Skinny running and it is for sell!


----------



## flounder daddy (Mar 22, 2012)

The only thing that runs skinnier than my boat are my 2 feet.


----------



## rippin lips (Jan 8, 2005)

14 transcooter
Big thanks to (On The Hook) for the cool TX #'s


----------



## Igofish (Apr 18, 2010)




----------



## flatsmaster14 (Mar 25, 2011)

21 tran









Custom mud boat


----------



## Kyle 1974 (May 10, 2006)

flounder daddy said:


> The only thing that runs skinnier than my boat are my 2 feet.

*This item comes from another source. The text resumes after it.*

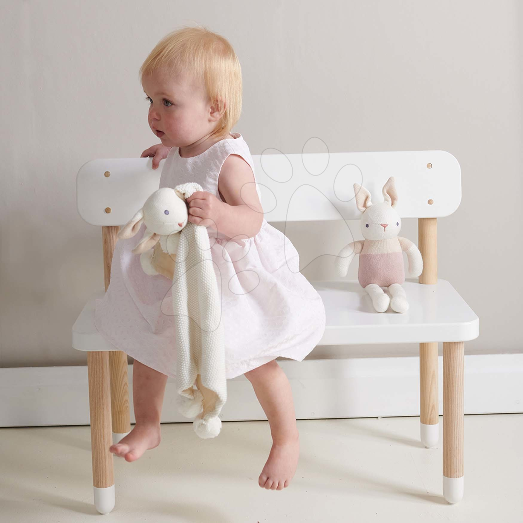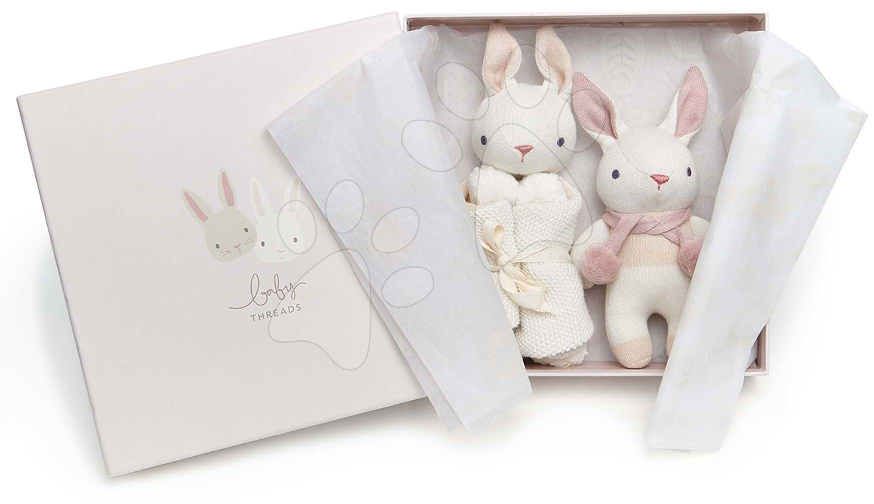 Panenky pletené zajíčci Baby Threads Gift Set spolu tvoří okouzlující soupravu, která je vhodná pro všechna miminka již od narození. Krásné pletené panenky jsou vyrobeny z příjemné měkoučké organické bavlny a za jejich designem stojí přední designéři značky ThreadBear Design. Stanou se nerozlučnými společníky vašeho miminka, které s nimi bude snáze usínat. V nadčasové sadě se nachází panenka krémového zajíčka s růžovou šálou o výšce 22 cm a zajíček na mazlení ve čtvercovém tvaru, ke kterému se děti snadno přitulí, dodává jim pocit bezpečí a jistoty. Sada pletených panenek je ideálním doplňkem do dětské postýlky, vaši nejmenší se s nimi mohou bez obav mazlit a objímat.
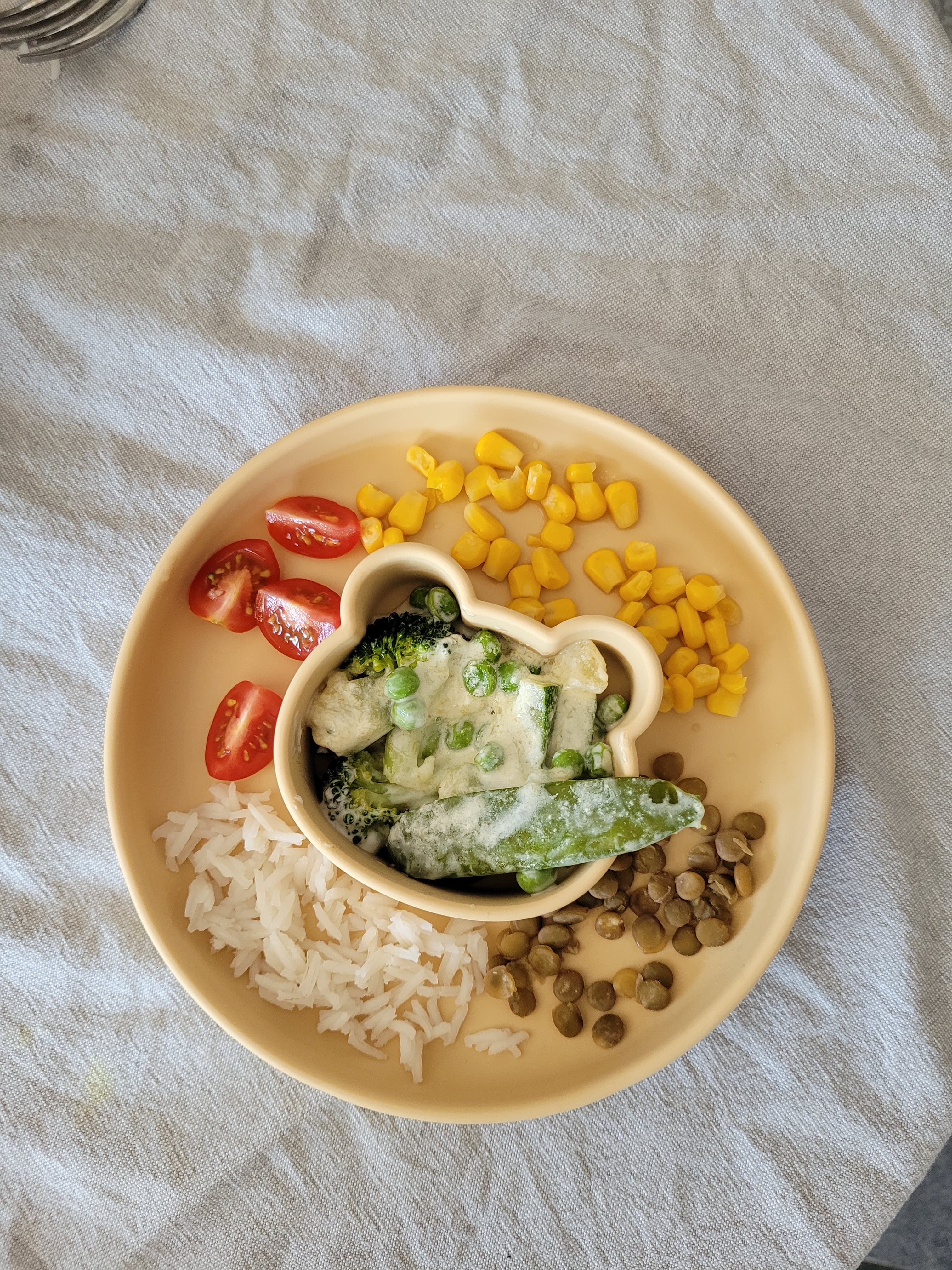 Nee wij eten gewoon dezelfde (dus wel met bouillon en zo). Ik maak altijd met zo’n verspakket van de supermarkt, haha. Alleen voor onszelf doe ik er dan nog extra peper doorheen, dat laat ik voor haar achterwege.

I want that boat back.....


----------



## Jflo22 (Jan 31, 2013)

*RFL*

18" rfl


----------



## trevor21 (May 19, 2012)

My curlew and friends mudbuddy


----------



## Logan (Aug 7, 2009)

*they aint pretty*

dad's boat right and my mud boat...not to many places we cant go


----------



## Bankin' On It (Feb 14, 2013)

Those are some cool boats. Noob question: Obviously these are great for flounder gigging and getting into the shallows. When it gets cold I am guessing the fish go deep? How far offshore can you safely go in these to chase them or is that assumption off base and you can catch fish in the shallows year round?


----------



## Boat Storage POC (Jun 20, 2005)

*my ibis*

scary shallow


----------



## Bankin' On It (Feb 14, 2013)

Logan said:


> dad's boat right and my mud boat...not to many places we cant go












This looks like more fun than a room full of nuns with tourette's syndrome. I'd be tempted to fish naked. If you do, don't post the pics. It's cool. Just sayin'. heh.


----------



## flatsmaster14 (Mar 25, 2011)

Bankin' On It said:


> Those are some cool boats. Noob question: Obviously these are great for flounder gigging and getting into the shallows. When it gets cold I am guessing the fish go deep? How far offshore can you safely go in these to chase them or is that assumption off base and you can catch fish in the shallows year round?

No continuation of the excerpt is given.